## TASK BRIEF
Retype exactly the lines that run from the start of the data to the line holding "Similar setup to", including both, and only those.

## Data excerpts
———

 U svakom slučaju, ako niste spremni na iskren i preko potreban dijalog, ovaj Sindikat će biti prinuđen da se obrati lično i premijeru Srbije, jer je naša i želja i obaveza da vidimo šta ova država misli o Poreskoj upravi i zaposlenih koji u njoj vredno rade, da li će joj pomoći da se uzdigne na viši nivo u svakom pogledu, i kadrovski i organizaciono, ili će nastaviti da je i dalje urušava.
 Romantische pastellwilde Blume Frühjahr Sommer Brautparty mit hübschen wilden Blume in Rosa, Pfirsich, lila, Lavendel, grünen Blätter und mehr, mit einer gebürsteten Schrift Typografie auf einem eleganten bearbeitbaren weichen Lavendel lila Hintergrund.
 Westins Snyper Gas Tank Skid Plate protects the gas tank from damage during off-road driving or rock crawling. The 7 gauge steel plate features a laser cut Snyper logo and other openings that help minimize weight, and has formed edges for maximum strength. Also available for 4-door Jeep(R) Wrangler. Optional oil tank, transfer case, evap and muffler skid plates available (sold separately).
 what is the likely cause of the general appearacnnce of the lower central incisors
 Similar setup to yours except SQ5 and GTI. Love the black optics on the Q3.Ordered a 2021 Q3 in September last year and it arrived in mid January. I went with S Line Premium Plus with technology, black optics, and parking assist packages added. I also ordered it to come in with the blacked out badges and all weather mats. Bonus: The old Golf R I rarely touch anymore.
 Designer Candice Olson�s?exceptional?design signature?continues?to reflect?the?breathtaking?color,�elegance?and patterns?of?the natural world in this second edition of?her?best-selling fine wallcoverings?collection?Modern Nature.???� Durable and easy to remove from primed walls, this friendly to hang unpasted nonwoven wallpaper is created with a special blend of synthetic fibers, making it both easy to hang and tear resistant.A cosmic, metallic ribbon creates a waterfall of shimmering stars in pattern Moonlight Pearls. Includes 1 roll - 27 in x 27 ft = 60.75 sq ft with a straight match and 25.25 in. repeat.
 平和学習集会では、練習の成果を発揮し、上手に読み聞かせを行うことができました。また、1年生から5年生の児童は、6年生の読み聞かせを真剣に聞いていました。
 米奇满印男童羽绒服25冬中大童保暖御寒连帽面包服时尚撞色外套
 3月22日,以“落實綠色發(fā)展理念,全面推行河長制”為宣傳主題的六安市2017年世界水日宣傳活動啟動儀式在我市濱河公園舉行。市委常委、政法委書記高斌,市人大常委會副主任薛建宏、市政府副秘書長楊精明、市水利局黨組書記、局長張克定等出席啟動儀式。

———

## TASK SOLUTION
 U svakom slučaju, ako niste spremni na iskren i preko potreban dijalog, ovaj Sindikat će biti prinuđen da se obrati lično i premijeru Srbije, jer je naša i želja i obaveza da vidimo šta ova država misli o Poreskoj upravi i zaposlenih koji u njoj vredno rade, da li će joj pomoći da se uzdigne na viši nivo u svakom pogledu, i kadrovski i organizaciono, ili će nastaviti da je i dalje urušava.
 Romantische pastellwilde Blume Frühjahr Sommer Brautparty mit hübschen wilden Blume in Rosa, Pfirsich, lila, Lavendel, grünen Blätter und mehr, mit einer gebürsteten Schrift Typografie auf einem eleganten bearbeitbaren weichen Lavendel lila Hintergrund.
 Westins Snyper Gas Tank Skid Plate protects the gas tank from damage during off-road driving or rock crawling. The 7 gauge steel plate features a laser cut Snyper logo and other openings that help minimize weight, and has formed edges for maximum strength. Also available for 4-door Jeep(R) Wrangler. Optional oil tank, transfer case, evap and muffler skid plates available (sold separately).
 what is the likely cause of the general appearacnnce of the lower central incisors
 Similar setup to yours except SQ5 and GTI. Love the black optics on the Q3.Ordered a 2021 Q3 in September last year and it arrived in mid January. I went with S Line Premium Plus with technology, black optics, and parking assist packages added. I also ordered it to come in with the blacked out badges and all weather mats. Bonus: The old Golf R I rarely touch anymore.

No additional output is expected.